|Matthew Henry's Concise Commentary|
29:1-6 Job proceeds to contrast his former prosperity with his present misery, through God's withdrawing from him. A gracious soul delights in God's smiles, not in the smiles of this world. Four things were then very pleasant to holy Job. 1. The confidence he had in the Divine protection. 2. The enjoyment he had of the Divine favour. 3. The communion he had with the Divine word. 4. The assurance he had of the Divine presence. God's presence with a man in his house, though it be but a cottage, makes it a castle and a palace. Then also he had comfort in his family. Riches and flourishing families, like a candle, may be soon extinguished. But when the mind is enlightened by the Holy Spirit, when a man walks in the light of God's countenance, every outward comfort is doubled, every trouble is diminished, and he may pass cheerfully by this light through life and through death. Yet the sensible comfort of this state is often withdrawn for a season; and commonly this arises from sinful neglect, and grieving the Holy Spirit: sometimes it may be a trial of a man's faith and grace. But it is needful to examine ourselves, to seek for the cause of such a change by fervent prayer, and to increase our watchfulness.

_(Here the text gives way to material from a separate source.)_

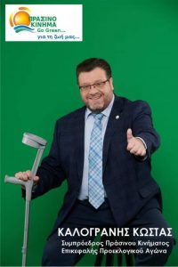 Επικεφαλής του Πράσινου Κινήματος, στις επερχόμενες εκλογές είναι ο συμπρόεδρος Κώστας Καλογράνης, καθηγητής δημοσιογραφίας και Επικοινωνιολόγος. Ο κ. Καλογράνης, είναι παράλληλα, ο μοναδικός επικεφαλής κόμματος, στις επικείμενες εθνικές εκλογές, που είναι άτομο με κινητικά προβλήματα. Μαζί με το Πράσινο Κίνημα, συστρατεύονται στα ψηφοδέλτια και οι Ελεύθεροι Πολίτες, διευρύνοντας έτσι την πλατιά κοινωνική και δημοκρατική συμμαχία που έχει δημιουργηθεί.

Verses 1-25. - From these deep musings upon the nature of true wisdom, and the contrast between the ingenuity and cleverness of man and the infinite knowledge of God, Job turns to another contrast, which he pursues through two chapters (ch. 29. and 30.) - the contrast between what he was and what he is - between his condition in the period of his prosperity and that to which he has been reduced by his afflictions. The present chapter is concerned only with the former period; and gives a graphic description of the life led, in Job's time and country, by a great chieftain, the head of a tribe, not of mere nomads, but of perseus who had attained to a considerable amount of civilization. The picture is one primitive in its features, but not rude or coarse. It is entirely un-Jewish, and has its nearest parallel in some of the early Egyptian records, as the Stele of Beka, and the Instructions of Amen-em-hat ('Records of the Past,' vol. 2. pp. 11-16; vol. 10. pp. 7-10). Verse 1. - Moreover Job continued his parable, and said (see the comment on Job 27:1).
Gill's Exposition of the Entire Bible
Moreover, Job continued his parable,.... Or "added to take it up" (q), that is, he took it up again, and went on with his discourse; he made a pause for awhile, waiting to observe whether any of his three friends would return an answer to what he had said; but perceiving they were not inclined to make any reply, he began again, and gave an account of his former life, in order to show that he was far from being the wicked man, or being so accounted by others, as his friends had represented him:
and said; as follows.
(q) "addidit assumere", Montanus, Bolducius, Mercerus; "addidit tollere", Drusius.
Jamieson-Fausset-Brown Bible Commentary
1. Job pauses for a reply. None being made, he proceeds to illustrate the mysteriousness of God's dealings, as set forth (Job 28:1-28) by his own case.